At the same time, the types of large institutional investors that often allocate significant assets (via large investment managers) into leading global corporations are generally concerned about scale, requiring robust, proven and efficient investment processes. As such, their experience with ESG integration tends to be more recent, and often a bit more limited to ESG screens and the use of externally provided data and metrics with market-proven legitimacy.

A deeper consideration of the issue brings into focus a question of strategic significance of ESG. There is growing evidence that companies can deliver the greatest business value through ESG efforts when these efforts are strategic and deliberate, and this aligns with our experience with leading companies across sectors.[3] At the same time, large institutional investors are still on the learning curve when it comes to ESG, and they tend to rely on discrete ESG metrics in a process that is often decoupled from any analysis of corporate strategy and core business drivers.

So while institutional investors and their asset managers are using limited tools and methodologies to analyze ESG, many large, Fortune 500 companies have evolved their ESG and sustainability initiatives, elevating their business relevance. Full-fledged sustainability strategies have replaced mere PR campaigns. Broad companywide task forces led by the CEO have replaced small, often marginalized sustainability teams. Rigorously tracked and reported ESG performance metrics have replaced vague discussions of “progress.”

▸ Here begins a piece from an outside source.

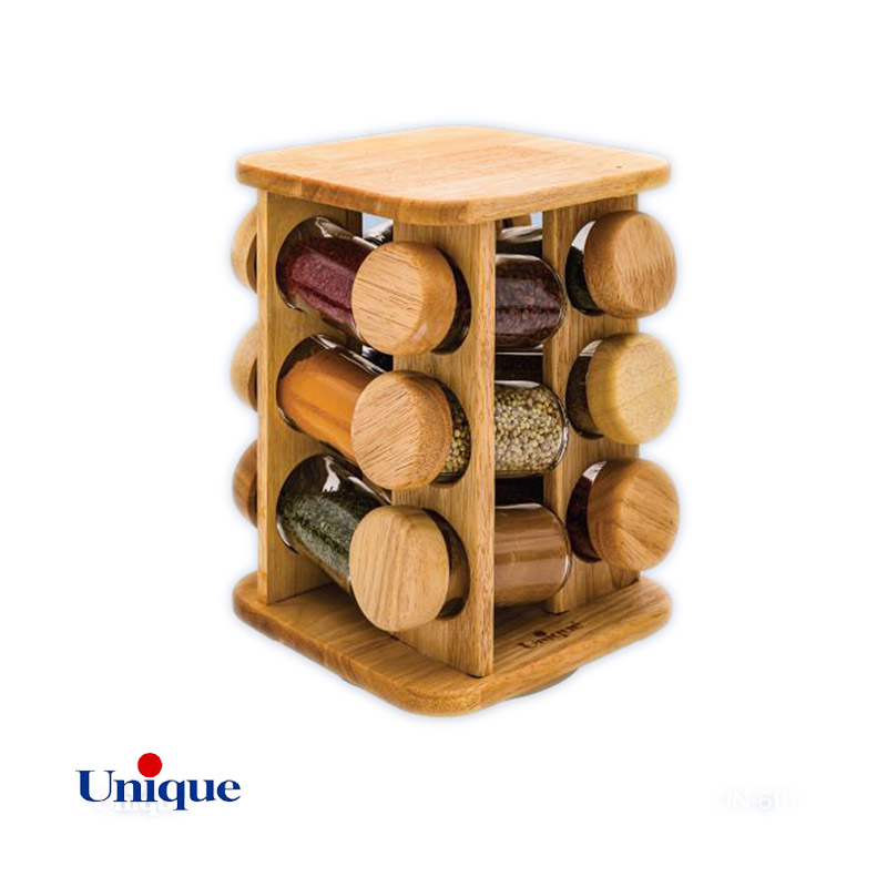 ست ادویه گردون 12 تایی ایستاده مربع چوبی یونیک UN-6111

Simply put, we are seeing a profound shift in corporate mindset. Business leaders increasingly believe that it is possible to “do well by doing good,” and they are confidently leading their organizations in this direction. As a result, companies are working harder than ever to develop and implement sophisticated sustainability initiatives. This is driving unprecedented levels of social and environmental innovation, reshaping the way we look at business. It is no surprise that corporate social responsibility (CSR) reports by leading companies are now brimming with rich, detailed information about their efforts across a range of sustainability issues.

When we look at the current state of ESG integration, we see a unique opportunity. While companies are offering information rich in color and detail, the information that many large ESG investors tend to review can be akin to a bare, untouched page in a coloring book. It’s time to fill in the missing “color.”

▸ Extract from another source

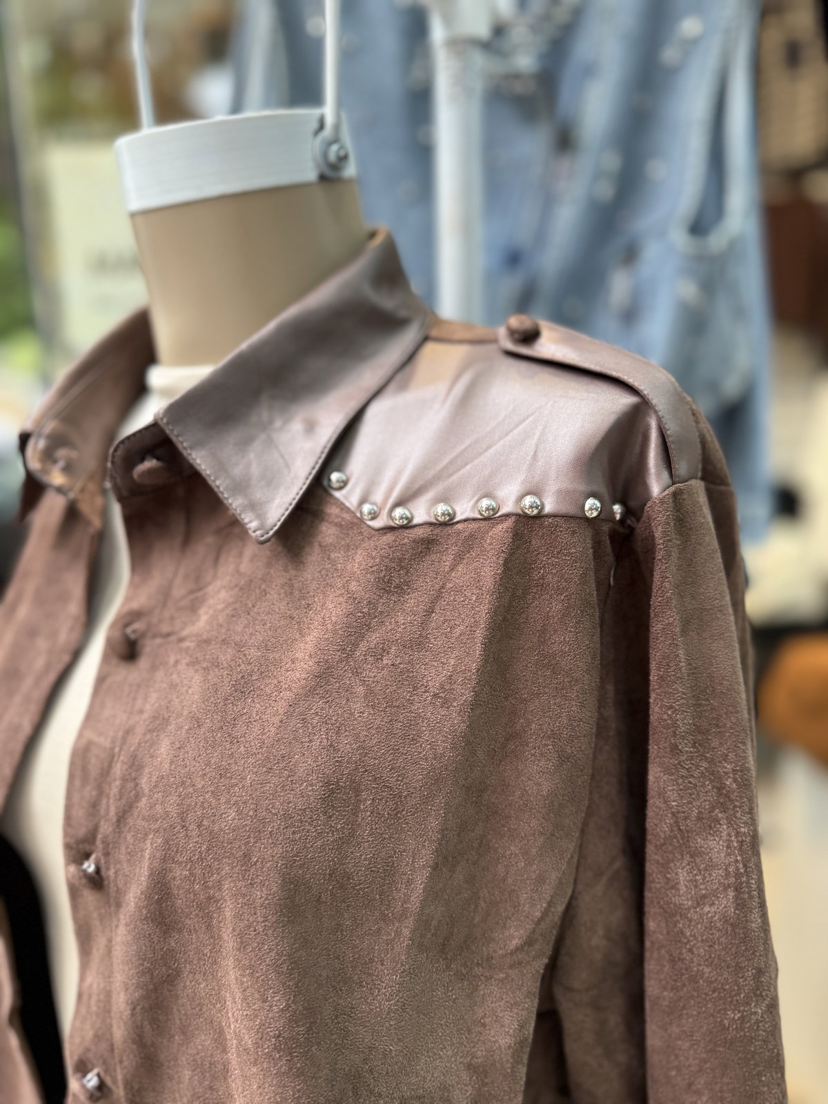 Camisaco de gamuza combinado con cuero con tachas. IMPORTADO

This is the perfect moment for thoughtful investors and their asset managers to take the time to analyze ESG more comprehensively, letting the full strategic significance of ESG shine through. In doing so, they can demonstrate the value proposition of ESG integration that so many institutional investors seek.

Our hope is that, with time, a large proportion of investors will embrace ESG integration in its most thoughtful, comprehensive form. This would, in turn, lead to higher-quality investment decisions across the investment community, and arguably better outcomes for all stakeholders.



[1] “Investing for a Sustainable Future,” MIT Sloan Management Review and The Boston Consulting Group, May 2016.

[2] “Institutional Investors: Shared Expectations, Divergent Paths,” OFI Global Asset Management and Pensions & Investments, Spring 2016.

[3] Based on Breckinridge Capital Advisors research of company documents, including annual reports and CSR reports, and the discussions during corporate engagement calls.